Infectious myonecrosis virus (IMNV) is one of the viral diseases that can cause huge mortality and huge economic losses in shrimp culture. The target organ attacked by this virus is a skeletal muscle and can attack a variety of shrimp stadia. Pacific white shrimp infected with IMNV show clinical signs of necrosis, especially on the distal abdominal. IMNV was first reported in Brazil in 2002 and spread in Indonesia in 2006 (Senapin et al. 2007).
In addition to viral infections, Pacific white shrimp are also susceptible to vibriosis. Vibriosis is an infectious disease caused by vibrio bacteria and was among the most dominant disease agents. Vibrio is a natural organism that lives in salinity waters (Aguilera-Rivera et al. 2019), so its connection to the environment and host is very important as a disease agent. Vibrio parahaemolyticus is one of the pathogens widely reported to infect Pacific white shrimp (Tran et al. 2013). Disease outbreaks in Pacific white shrimp farming activities are usually not only caused by one type of pathogen but can also occur due to the coinfection, infection of more than one type of pathogen (Pang et al. 2019).

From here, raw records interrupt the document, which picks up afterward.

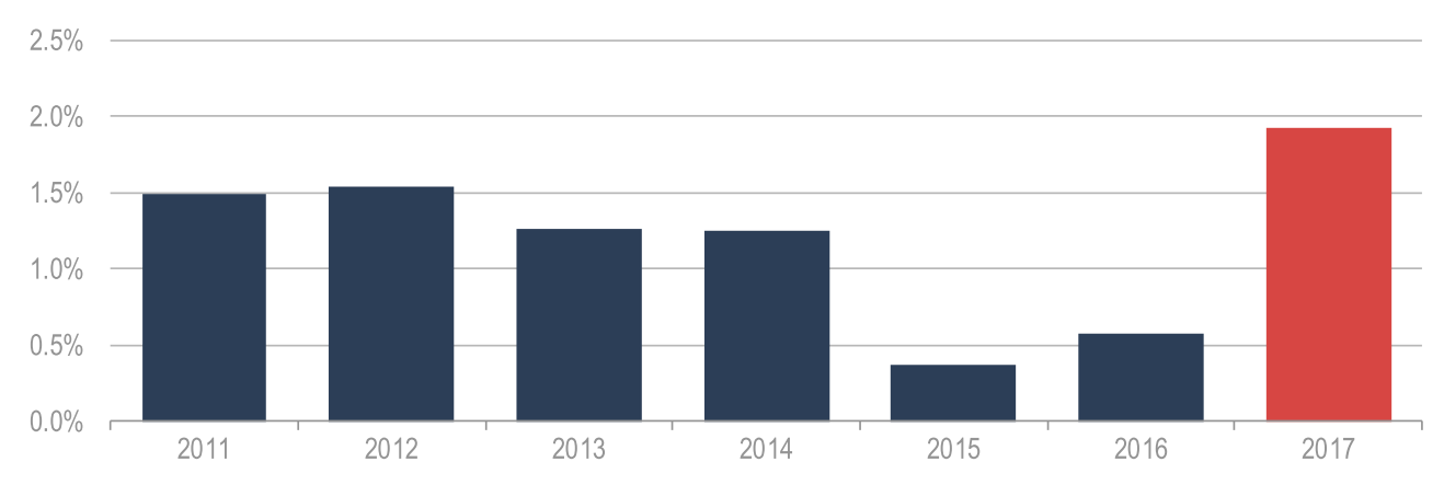 圖1:2011年~2017年全球主要能源(Primary Energy)需求增加量
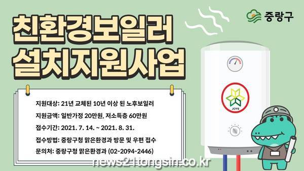 중랑구(구청장 류경기)가 오는 8월 말까지 가정용 친환경보일러 설치 보조금을 추가로 접수 받는다.
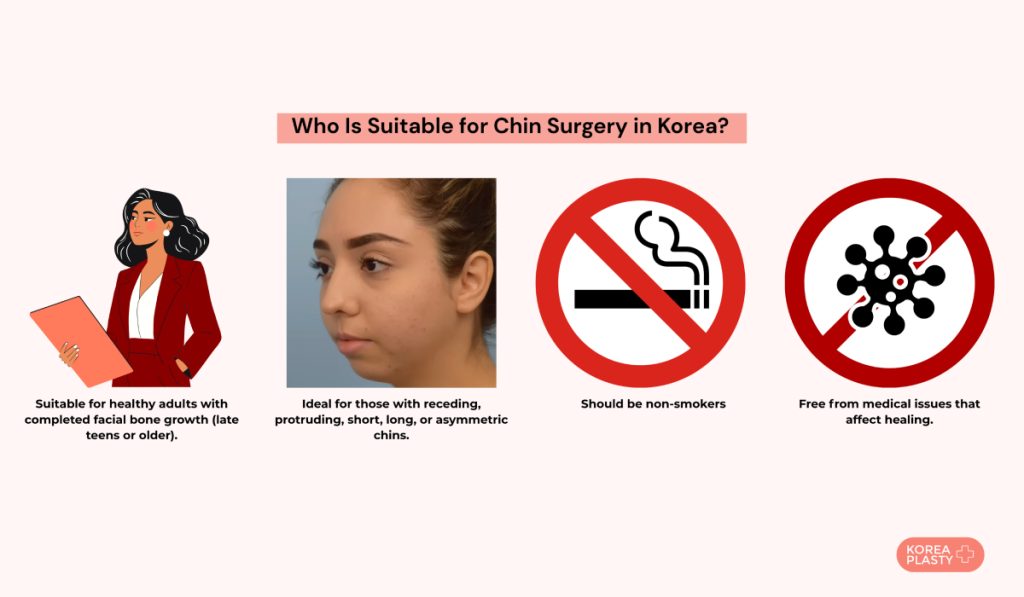 A good candidate for genioplasty in Korea is a physically healthy adult whose facial bone growth is complete, typically in the late teens or older. The person presents a chin that is disproportionate to the rest of the facial features, whether it is receding, protruding, short and dull, long, or asymmetric. Microgenia, macrogenia, facial asymmetry, and obstructive sleep apnea are clear indications for the procedure.
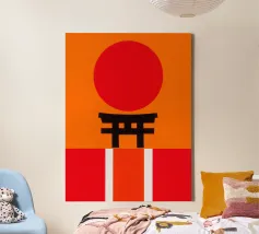 Un'iconica porta torii si staglia contro un sole rosso e incandescente: tranquillità spirituale in una forma minimalista: Questa composizione minimalista distilla l'estetica giapponese nella sua essenza. I toni caldi dell'arancio e del rosso si fondono per creare un'atmosfera meditativa, mentre la silhouette nera del cancello shintoista ha una presenza grafica. Ispirato alle xilografie giapponesi e al minimalismo occidentale, il risultato è un simbolo senza tempo di meditazione e trasformazione. La geometria austera e la palette di colori vibranti creano una forza contemplativa, perfetta per gli spazi caratterizzati da chiarezza e spiritualità.
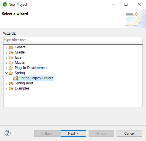 3. 설치가 끝나면 STS 재시작 후, spring legacy project 생성 가능

The application of synbiotic is one of the alternatives in controlling disease outbreak on Pacific white shrimp farming. Yao et al. (2021) reported that synbiotic applications increase nonspecific immune response in Pacific white shrimp and are more effective than the use of probiotics and prebiotics separately (Hamsah et al. 2019). In addition, the availability and the application of multispecies probiotic (Yuhana, 2010) could improve the fish health status much better than the use of one type of probiotic (Wang et al. 2019). The number of study on efficacy of multispecies synbiotic application against coinfectious disease in white shrimp is still limited. Therefore, our study aimed to evaluate the effect of adding multispecies synbiotic on feed to improving immune response, and resistance of Pacific white shrimp to IMNV and V. parahaemolyticus coinfection.
Materials and methodology
Materials
The test materials in this study were shrimp, disease agents, and multispecies synbiotic. The shrimp used was a Pacific white shrimp (Litopenaeus vannamei) (10.4 ± 0.96 g) and obtained from the shrimp farmer in Kronjo, Tangerang. Infectious myonecrosis virus (IMNV) isolated from positive infected shrimp that obtained from Situbondo, East Java. The polymerase chain reaction (PCR) method was used for verification of IMNV using primers 5′-CGA-CGC-TGC-TAA-CCA-TAC-AA-3′; 5′-ACT-CGG-CTG-TTC-GAT-CAA-GT-3′ for 1st PCR and primers 5′-GGC-ACA-TGC-TCA-GAG-ACA-3′; 5′-AGC-GCT-GAG-TCC-AGT-CTT-G-3′ for nested PCR (OIE, 2013).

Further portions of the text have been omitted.